Days of struggle and spectacle II
In which I discover the comfort that lies beyond our biggest challenges
Hello friends,
I sent out Part One of this essay last month (you can read it here); this is the conclusion. Not that I fully conclude anything. I’ve been trying for quite a while to reframe my relationship with cycling, as I’ve come to realise that the old formula, of picking a challenge and then fighting my way through it until I win or succeed, no longer serves me. (I’ve won everything I needed to, and succeeded at enough tasks that I no longer feel the urge to prove myself.)
I’m never going to give up cycling – it is by now inextricably woven into my body and soul – but I still need to find some sort of schema along which to plot it; a sense of purpose that reaches beyond my mere self, and a story to tell about what I’m doing that carries the motivation to keep on doing it.
So this is my latest attempt.
I finished last time by remarking, as I very often do, on how profoundly cycling has shaped my life, professionally, socially, creatively, physically and emotionally.
A further, subtler gain I realised last summer, was the sheer detail in which riding has enabled me to get to know the world. I often marvel, when I ride through yet another pretty little village in the UK, at how lucky I am to get to see these places, which are miles off the beaten track, and so objectively unremarkable that it would be difficult to find out about their existence without having someone to visit there, or stumbling across them after taking a wrong turn on the way to somewhere else. If I had spent the last 17 years driving from place to place, I’d know a lot more about motorway service stations, but a lot less about the good views you can get from a certain tiny lane in the Welsh borders, or the particularly tasty millionaire shortbread sold by a village shop near Lake Vyrnwy, or a shortcut through south London whereby a tired courier can avoid all the hills, on her way home.
It struck me that day last summer, as I backtracked down the Stelvio and rerouted to Passo del Fuorn, which I had crossed in the opposite direction during the Transcontinental six years previously, that this psychogeography now extended to Europe. When I set off on my first big tour in 2011, my geographical awareness was embarrassingly sparse. I knew where France and Germany were, but not how their borders intersected with those of Switzerland and Italy, and when it came to the Balkans, I couldn’t have listed the countries there, much less told you what was north or south of what. I visited Slovenia for the first time on that trip, because it was on the way to Croatia, and because the parents of a German-Slovene friend had invited me to stay with them when I got there, and all I knew about it in advance was that it wasn’t Slovakia.
Since then I’ve cycled across Europe several times – more than I can think of offhand, though I’d say it’s about five. I’ve got to the stage where I not only know where all the countries are; I will also, as soon as you speak to me about riding from one to the other, have a sense of what landscapes will be around you as you do so, what the weather might be doing, and which border crossings will be available to you. I looked at the blurb on the back of a bike-touring book the other night, which described the author riding through the Alps and south via the Balkans, and noticed that rather than imagining these places on the map, as I might have previously, I was now picturing what it would be like to cycle through them.
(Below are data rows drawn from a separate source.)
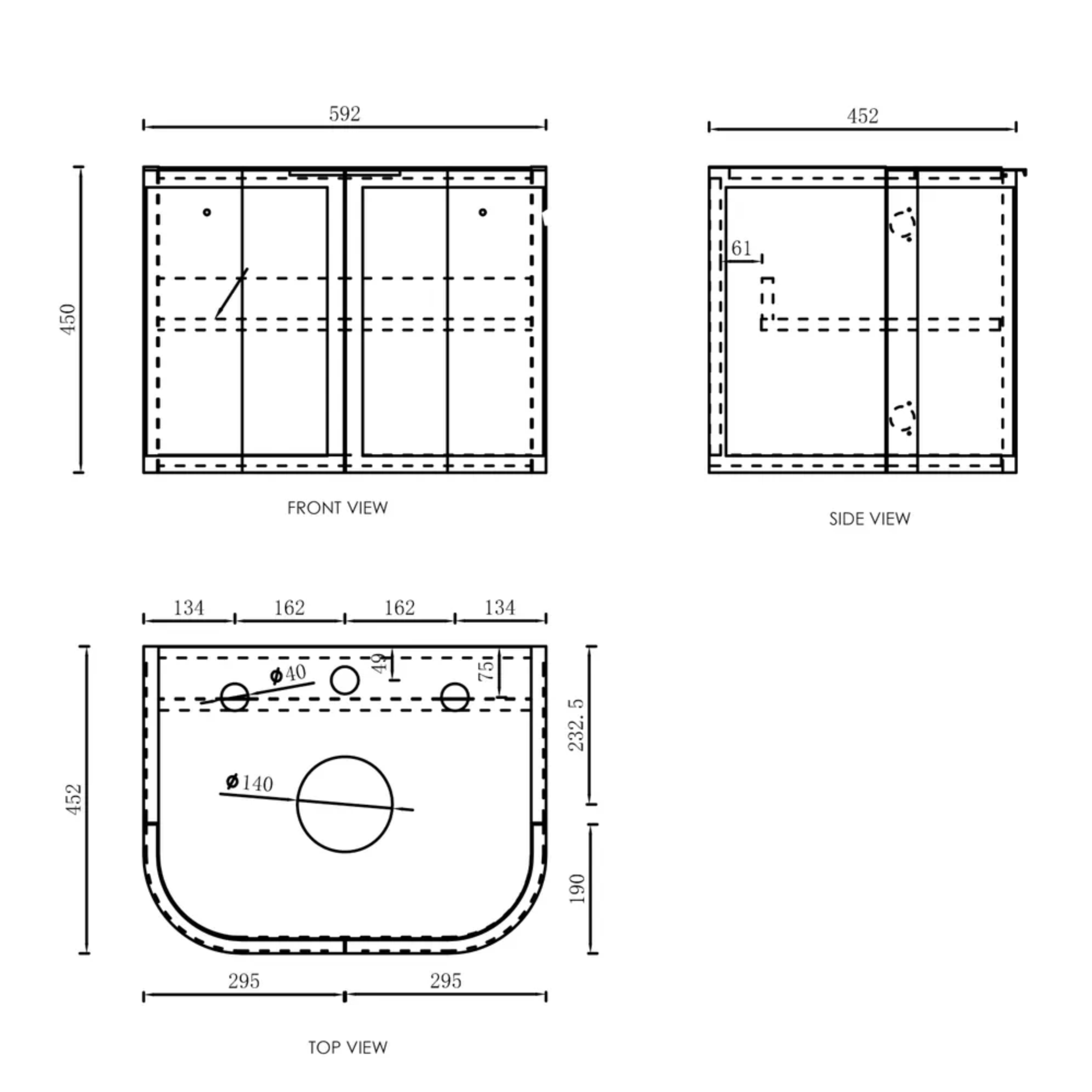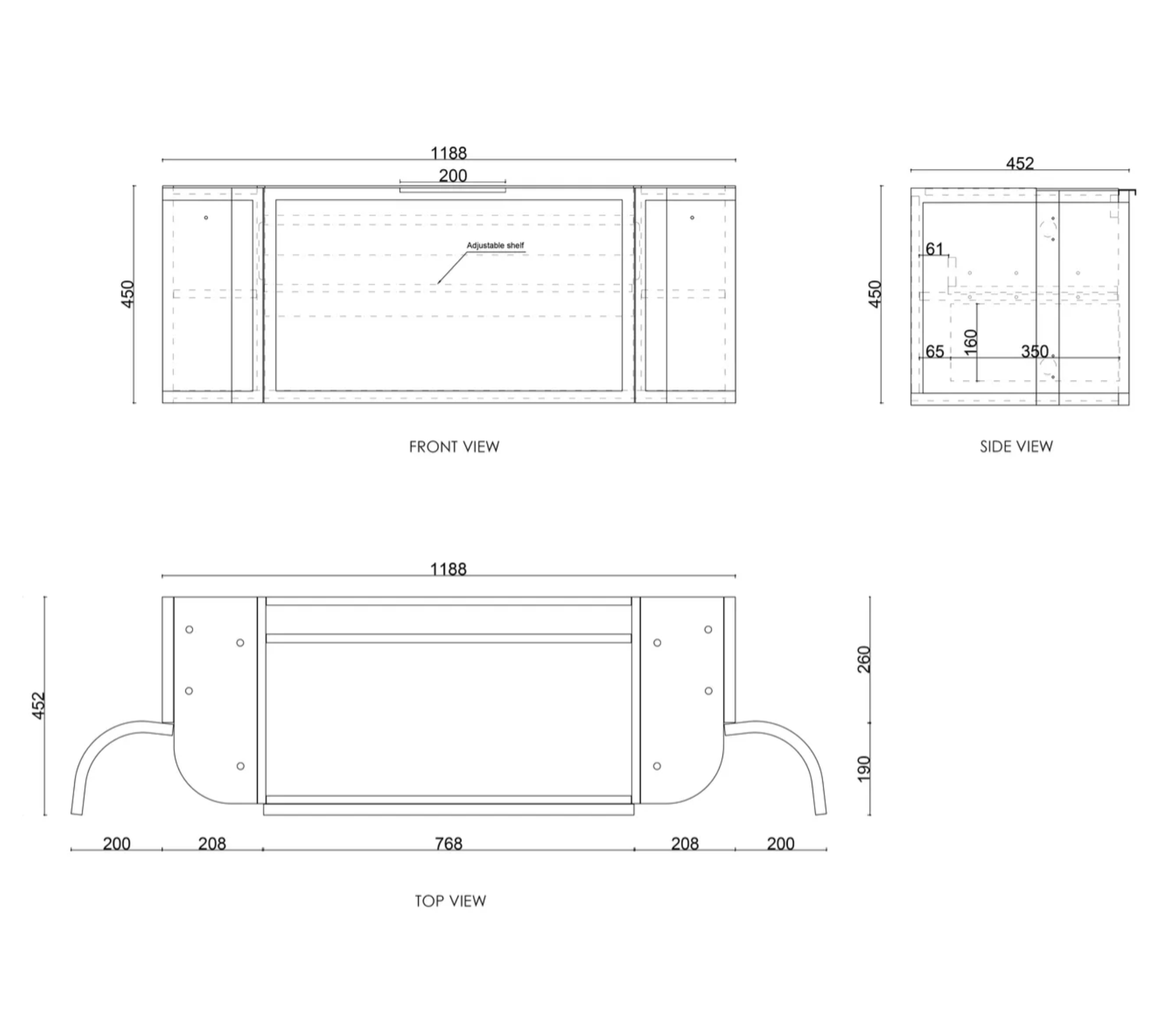 • Overall depth of 450mm
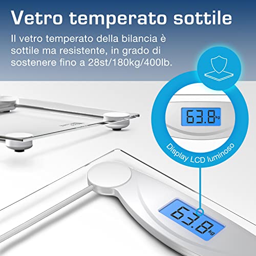 Vetro temperato: Grazie alla sua piattaforma ampia di 30 x 30cm in vetro temperato etra resistente di 6mm di spessore, la rende sicura e resistente allo stesso tempo. Inoltre, questa piattaforma garantisce una uniforme distribuzione del peso.
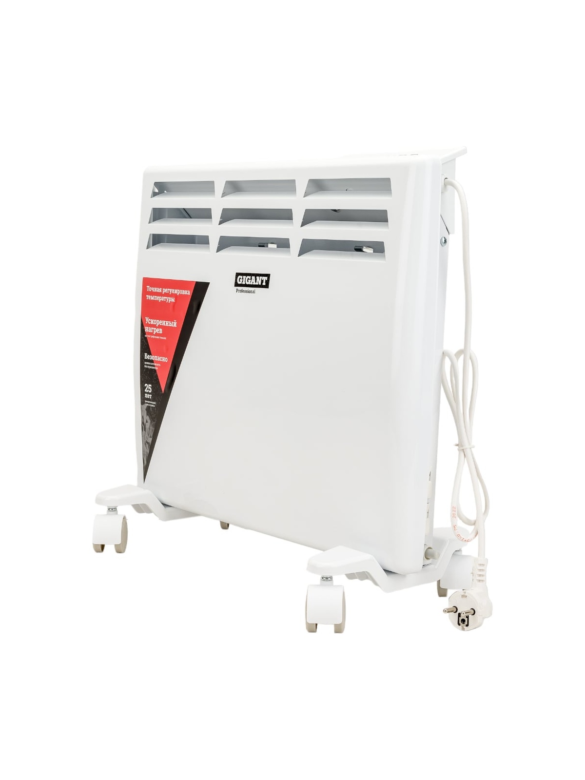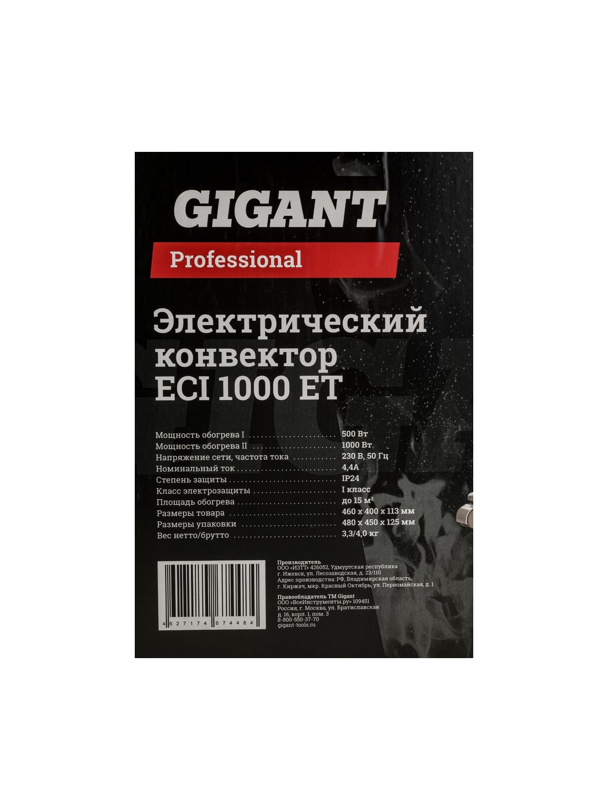 Электрический конвектор Gigant Professional ECI 1000 ET является усовершенствованной версией модели Gigant ECI 1000 MT. Основные отличия Gigant Professional от базовой линейки Gigant: LCD экран; Таймер отключения; Ионизация воздуха; Родительский контроль; Точность регулировки температуры до 1 градуса Цельсия. Как и базовую модель нагреватель ECI 1000 ET можно монтировать на стену или на пол, для этого в комплект входят колеса и настенный кронштейн. Прибор имеет 2 режима работы: 500 Вт и 1000 Вт. В основе конструкции - монолитный нагревательный элемент - более энергоемкий и с большей теплопередачей, чем нагревательные элементы типа "стич". Предусмотрена защита от перегрева и опрокидывания, а значит, снижен риск возникновения пожара. Высокоточный электронный термостат позволяет настраивать температуру в точности до 1 градуса. Рекомендуемая площадь обогрева составляет 15 кв.м. Корпус изготовлен из стали. Срок эксплуатации до 25 лет. Ионизация воздуха ION air позволяет не сушить воздух. Инновационная система равномерной конвекции Homogeneous flow. Воздухозаборник увеличенной площади Intake. Длина провода 1,2 м. Продукция представлена профессиональными и бытовыми инструментами, имеет доступную цену и высокое качество. При изготовлении товаров Gigant используется современное оборудование и прочные материалы. Производство осуществляется на современных предприятиях России и Азии. Тестирование товаров осуществляется в два этапа, каждая партия инструментов проходит проверку на соответствие стандартам и заявленным техническим характеристикам. Это является залогом качества и надежности готового продукта. Продукция представлена широкой линейкой инструментов. У нас можно приобрести ручной инструмент, строительный, садовый, сантехнический, климатический, крепежный, автогаражный, а также станки, расходные материалы и многое другое.

I’ve got into the habit of spending a chunk of every spring riding around France, to recce Tour de France stages routes in preparation for Le Loop, and that’s different every year, so I’ve gradually filled in more and more areas of my mental map of that particular country, animating them into visual memories. Indeed, that was what I was rushing across Switzerland to do – the following morning I would set off to ride the route of Stage 9 (Aigle to Châtel), and now when I see Gruyère cheese in the supermarket, I think about the rolling green countryside north-east of Lac Léman, where I learned that it is made.
Crossing Passo Fuorn, a few hours before I set up my camping spot near St Moritz, had provoked all sorts of memories, and I spent a few minutes at the top, carefully arranging my bike against the col sign so that I could take a photo that exactly replicated the one I had taken six years previously (see below), when I crossed in the other direction, during the Transcontinental.